# Using long reach end mills



## Jake2465 (Jan 6, 2018)

In a few weeks I plan to post pictures and also some video of a miniature crankshaft on a 4th axis setup. The most challenging area will be when I will need to do live 4th axis finishing between the counterweights so I can get to the back sides of the connecting rod journals. This will require a 3/8" end mill will a 2-1/4" stick out to reach all the way to the journal. 

I thought about just using the same end mill for the whole run so I don't need to change tools. I figured that I could start with something like a .001" chipload and .050" width of cut with a .500" depth of cut. But, I am not really sure because I don't ever really mill with a stick out like that. 

I plan to use a solid carbide 4 flute. 

Any suggestions?


----------



## JimDawson (Jan 6, 2018)

A 0.500 DOC sounds a bit high, I suspect you will get a lot of chatter.  Maybe start out with 0.050 DOC.  I've never run that skinny of an end mill with that much stick out.  Should be exciting


----------



## Jake2465 (Jan 6, 2018)

JimDawson said:


> Should be exciting



That's what I am afraid of .  When it gets too exciting, I hit the deck and start low crawling.


----------



## 4GSR (Jan 6, 2018)

If you don't need to cut with that much flute, get a extended shank carbide end mill.
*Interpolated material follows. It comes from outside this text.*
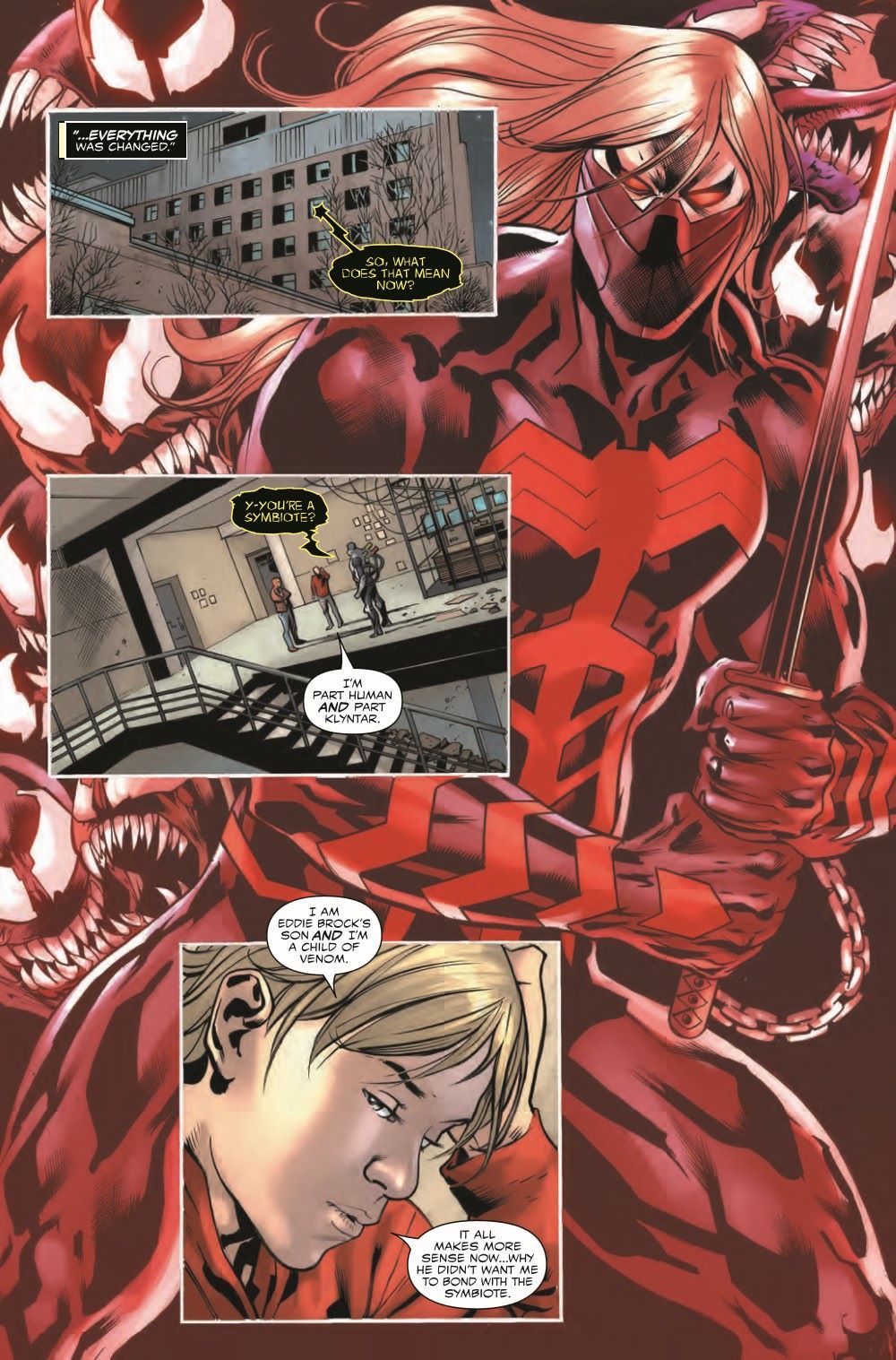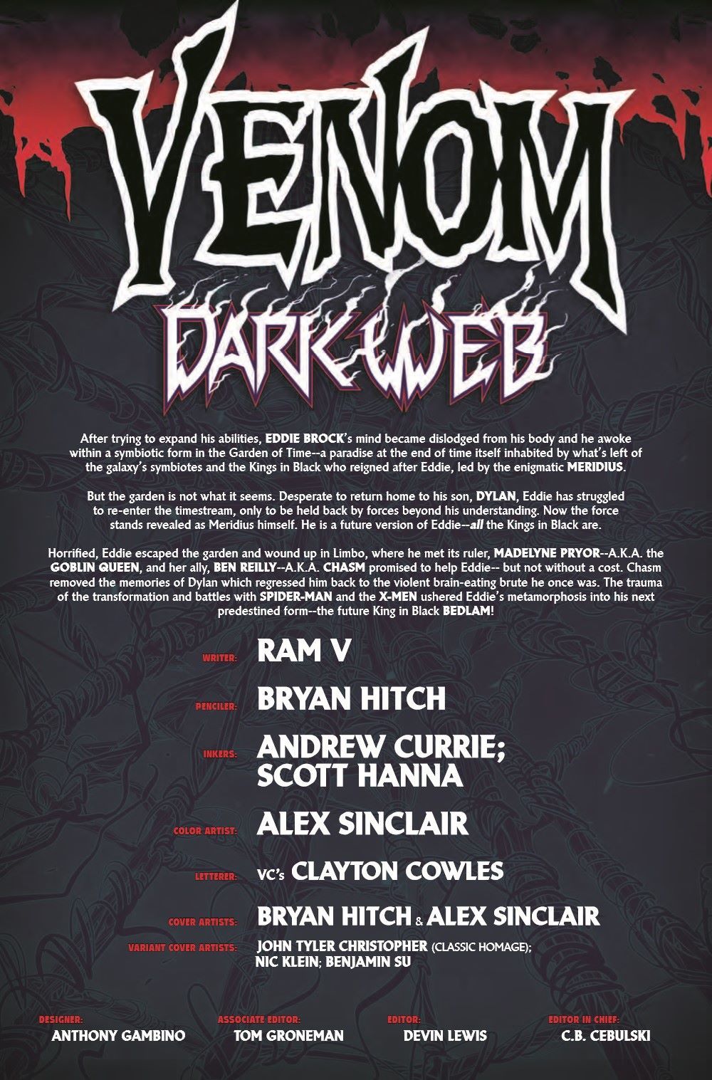As Dylan Brock finds himself renewed and reinvigorated by his descent into the symbiote hive, BEDLAM has come calling again - looking to finish what it started by killing Dylan and Venom once and for all. Luckily, an old friend is around to lend a crimson-clad hand… (And it isn't Spider-Man!)

If you are just cutting the side of a surface, taking full length or .500 at a time should not be a problem with carbide end mill.  I've cut some deep slots with 3/8" end mills, not one that deep.  Be interested how you make out.


----------



## Ulma Doctor (Jan 6, 2018)

i recently had a brain fart and broke a 1/2" x 3" endmill- i lost track of the DOC in a manual mill and snapped er' clean off 
i hope you have better luck


----------



## spumco (Jan 7, 2018)

Jake2465 said:


> In a few weeks I plan to post pictures and also some video of a miniature crankshaft on a 4th axis setup. The most challenging area will be when I will need to do live 4th axis finishing between the counterweights so I can get to the back sides of the connecting rod journals. This will require a 3/8" end mill will a 2-1/4" stick out to reach all the way to the journal.
> 
> I thought about just using the same end mill for the whole run so I don't need to change tools. I figured that I could start with something like a .001" chipload and .050" width of cut with a .500" depth of cut. But, I am not really sure because I don't ever really mill with a stick out like that.
> 
> ...



Reduced neck endmill is your friend here.  They have solid shanks, short flute length, and are way stiffer than a regular long or extra-long endmill.  Plenty of vendors sell them these days.  Try Amazon - CGC Tools has a pretty good selection and they're really cheap if you're buying the last one in stock.  If you don't mind spending money, Harvey Tools has just what you need.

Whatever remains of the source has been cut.